Thanks for precision, but my hint was that there is an illimited number of
ways to classify phenetically on the basis of the same data matrix, and I
expected your specifying which way and why... Thus I'm left in complete
ignorance of exactly how you are classing and why this specific way (note
that I have nothing against deliberately accepting some arbitrariness, the
real sin consists in feigning to ignore it).
Now, we were talking of supra-specific levels. The problem is then your
first reference to phylogeny, seemingly corrected in favor of overall
similarity. It is demonstrated that overall similarity will not provide you
with a phylogeny, except when evolutionary divergence is regular
("clocklike" evolutionary process). Hence I suggest that you present your
approach as phenetic, and dispense completely with phylogeny, which can
only be an occasional by-product of a phenetic clustering.
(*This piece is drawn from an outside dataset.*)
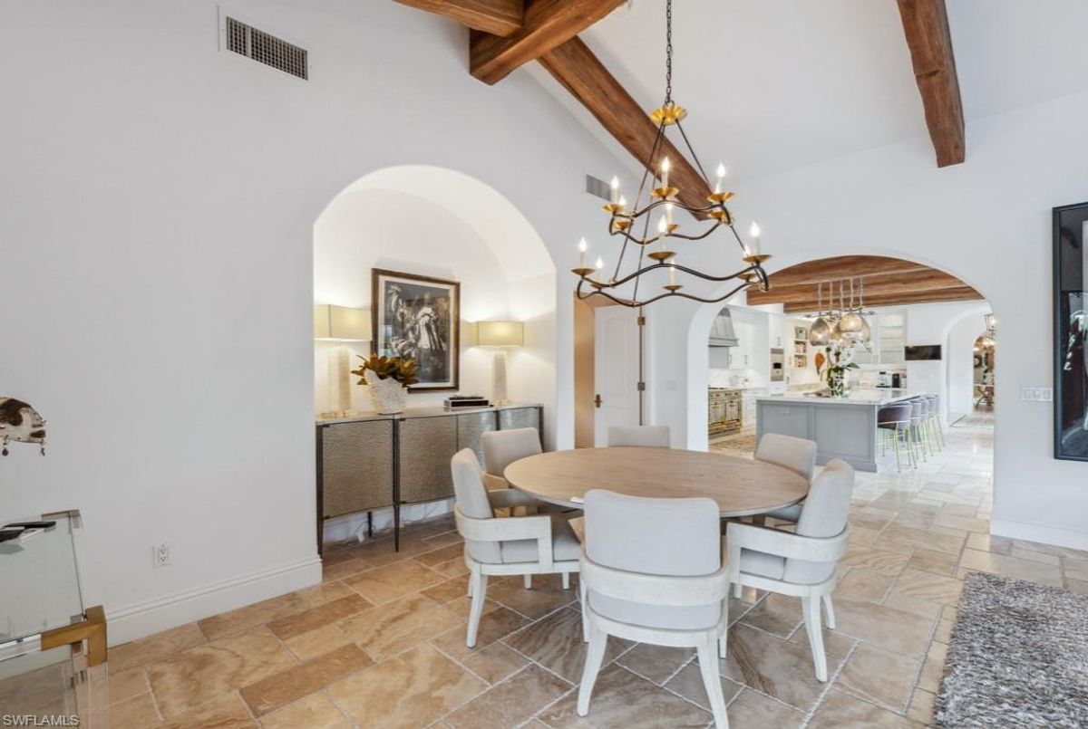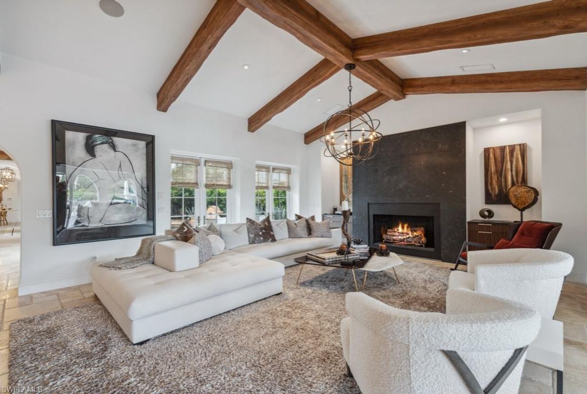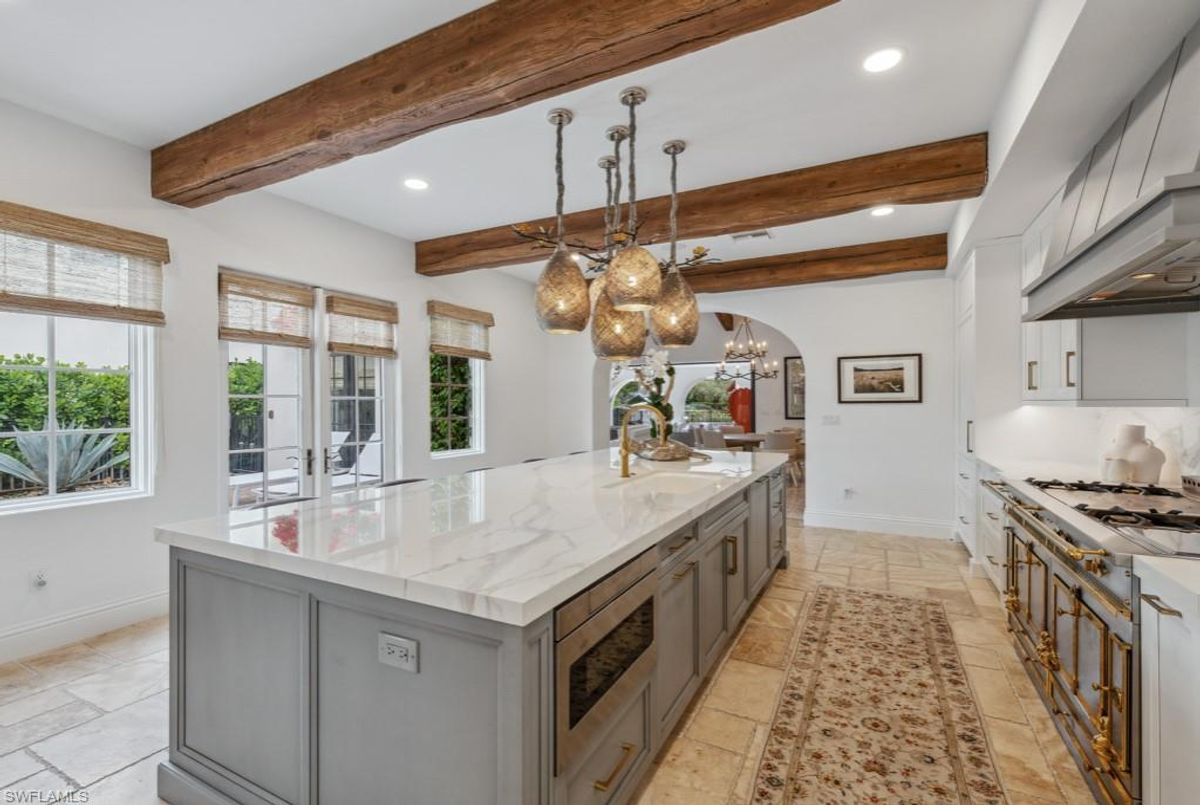 Located in the beautiful Mediterra Golf & Country Club - NEWLY RENOVATED PRIVATE BEACH CLUB - truly captivating home from London Bay, reminiscent of the finest Spanish-style Italian homes. This luxurious abode greets you through a private courtyard entry leading into French doors that open to the beautiful foyer accented with stone masonry. The spacious family room, highlighted by brilliant stone floors and rich wood beam ceilings, as well as a cozy fireplace, pocketing glass sliders, and automatic lanai screens, allows for a seamless flow between the indoors and out. The chef-quality kitchen is remarkable, with the most dazzling marble countertops, oversized center island, Walk-in pantry, expanded cabinetry, premium La Cornue Cháteau Gas Range, SubZero refrigerator, built-in pizza oven, and even a refrigerated Wine room & bar adjacent to the kitchen. Additionally, this home features impact windows and doors that add peace of mind. Entertaining is a delight with a full home theatre room, complete with a separate movie lobby equipped with a wet bar and powder bath. There’s also a serene home office space with lots of natural light through lovely French doors. The primary suite is indulgent, with large windows, tall tray ceilings, a walk-in shower, a separate tub, dual vanities, and a walk-in closet. Guests are always comfortable with a downstairs or upstairs suite available. For those who enjoy the outdoors, this home is full of excellent options, from the pool courtyard with fire bowls and water features to the covered loggia with a built-in summer kitchen featuring a Hestan Grill and a fireplace with dining and living areas. Step beyond the lanai to the awe-inspiring backyard with a phenomenal view of the fountain lake view, and neighborhood garden park beyond. Friends and family will be delighted with spacious seating around the fire pit; there’s even a fenced lawn for young children or pets! Mediterra is a prestigious luxury golf & country club community featuring Two championship Tom-Fazio golf courses for avid golfers, a private beach club with restaurant & bar, multiple tennis courts, pickle-ball & bocce, fitness center, pristine bike & jogging trails, and luxurious dining at the private country club restaurant. The Mediterra Beach Club offers an escape to a 10,000 sq. ft two-story private oceanfront paradise on the Gulf of Mexico. Featuring a restaurant & bar that serves members via indoor & outdoor dining, this private facility boasts a heated swimming pool, a sundeck, and cabana beach service for chairs, umbrellas & refreshments.

You have really
no need to start with a phylogeny if you need overall similarity.
>In supraspecific classifications, I think evolutionary history must be the
>guiding basis.
This is where I have difficulties to follow you logic: if you propose this
phylogenetic approach, it is at odds with phenetic "overall similarity"
classification. You seem to be trying to implement two incompatible logics
without clearly deciding of a priority rule.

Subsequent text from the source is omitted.